If you cannot change the class under test, then the only option I can suggest is using MS Fakes https://msdn.microsoft.com/en-us/library/hh549175.aspx. However, MS Fakes works only in a few editions of Visual Studio.

Upvotes: 9

Thomas Weller
Thomas Weller

Reputation: 11717

The standard mocking frameworks are creating proxy classes. This is the reason why they are technically limited to interfaces and virtual methods.

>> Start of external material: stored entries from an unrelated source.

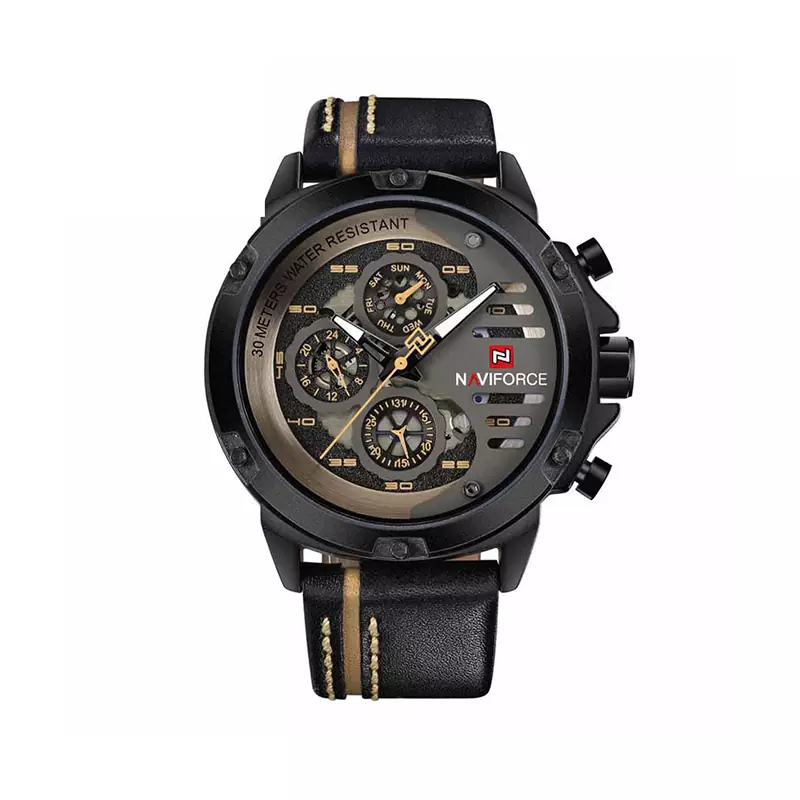 ساعت مچی نیوی فورس مردانه بند چرمی مشکی زرد 9110/11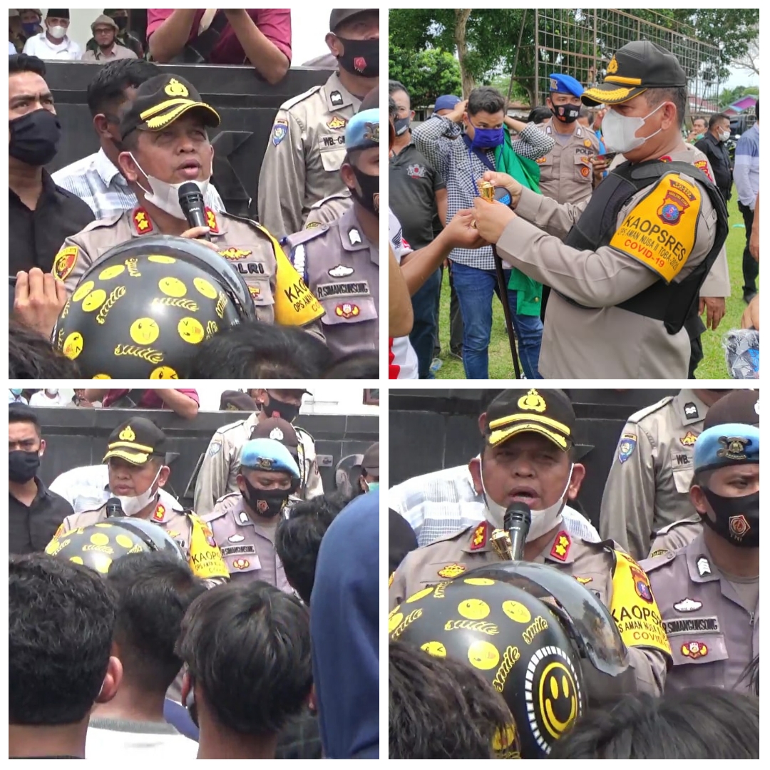 Kapolres Batubara AKBP Ikhwan Lubis SH MH yang juga langsung turun dalam mengamankan aksi demo mahasiswa mengatakan saat melakukan pengaman dirinya sudah menghimbau kepada pendemo untuk tidak melakukan hal anarkis. “Dan itu juga sudah kita mediasikan kepada kordinator mahasiswa, mereka menyambut baik himbauan yang saya berikan. Namun diduga situasi tidak terkendali dikarenakan ada provokasi mahasiwa suruhan untuk melakukan tindakan tindakan memancing kericuhan dan ini akan kami lakukan terus kami lakukan penyelidikan yang nantinya akan dilakukan satuan intel dan reskrim,” ujarnya.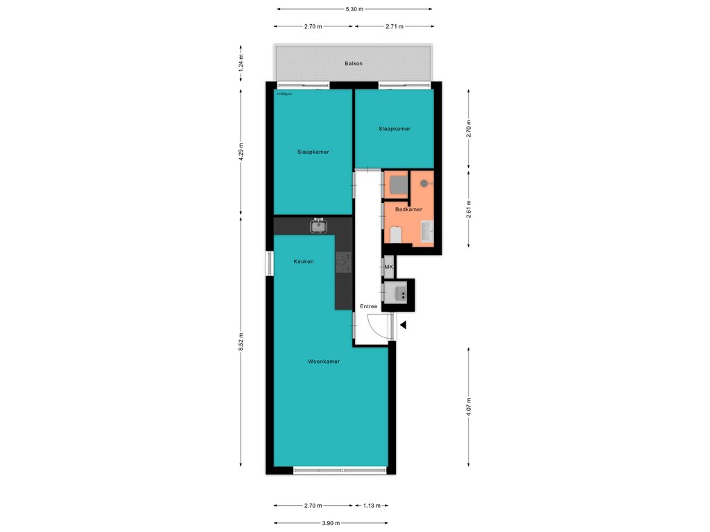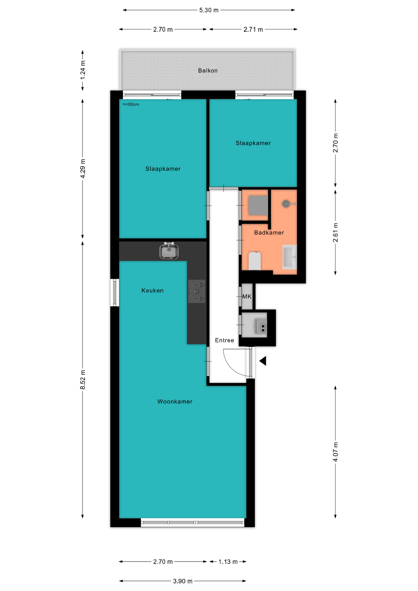 Voor de afmetingen en indeling raadpleeg de gedetailleerde plattegrond.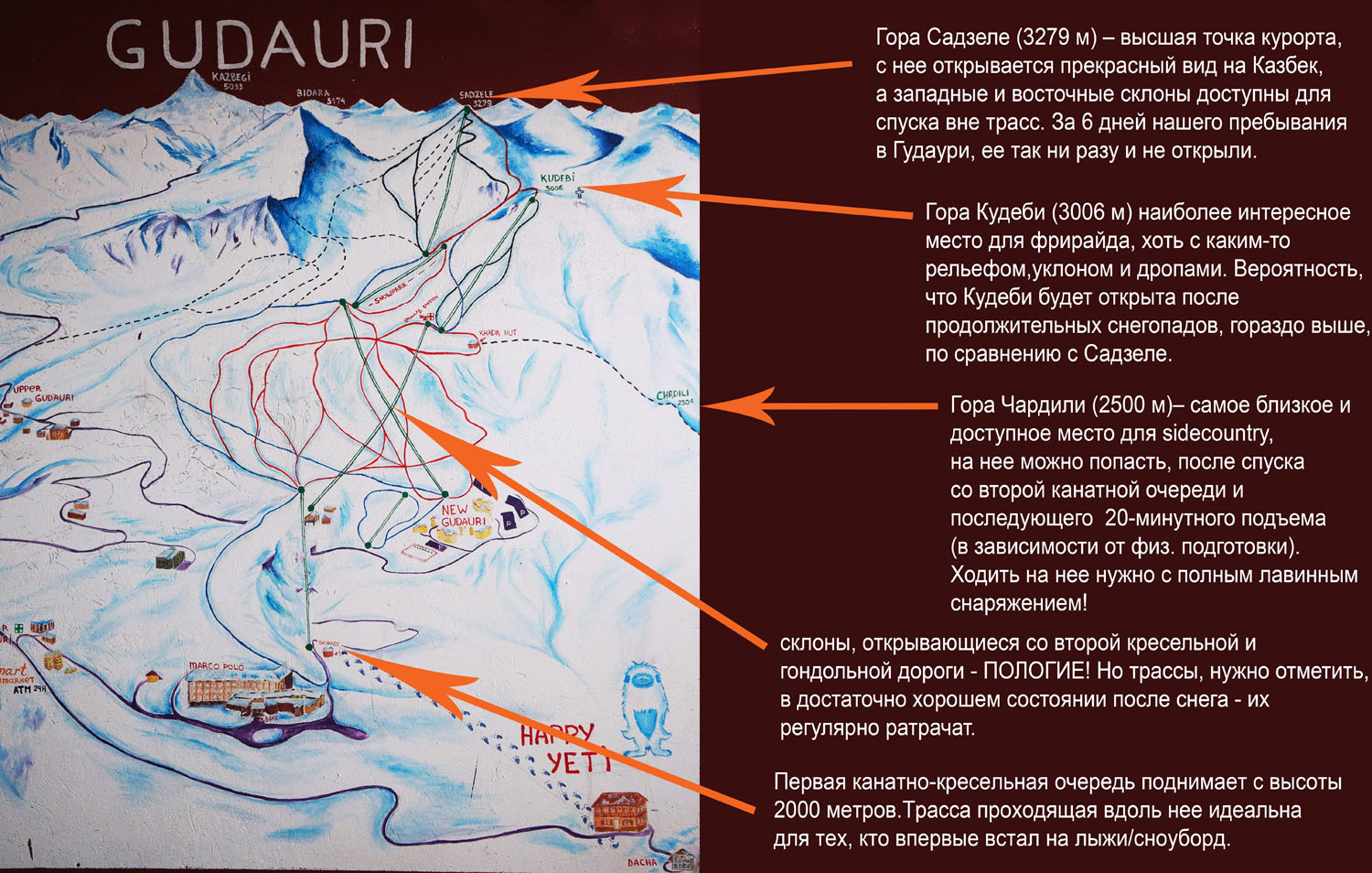 От Гудаури можно ожидать как потрясающего глубокого снега, так и лысых ледяных склонов, можно хвалить его, а можно ругать – но лучше съездить и увидеть все своими глазами. Об этом, собственно, и мой отчет!

If you want to mock 'normal' methods as well, you need a tool that works with instrumentation instead of proxy generation. E.g. MS Moles and Typemock can do that. But the former has a horrible 'API', and the latter is commercial.

Upvotes: 7

matt
matt

Reputation: 9401

Most mocking frameworks (Moq and RhinoMocks included) generate proxy classes as a substitute for your mocked class, and override the virtual methods with behavior that you define. Because of this, you can only mock interfaces, or virtual methods on concrete or abstract classes. Additionally, if you're mocking a concrete class, you almost always need to provide a parameterless constructor so that the mocking framework knows how to instantiate the class.

Why the aversion to creating interfaces in your code?

Upvotes: 33

Roy Dictus
Roy Dictus

Reputation: 33139

With MoQ, you can mock concrete classes:

var mocked = new Mock<MyConcreteClass>();

but this allows you to override virtual code (methods and properties).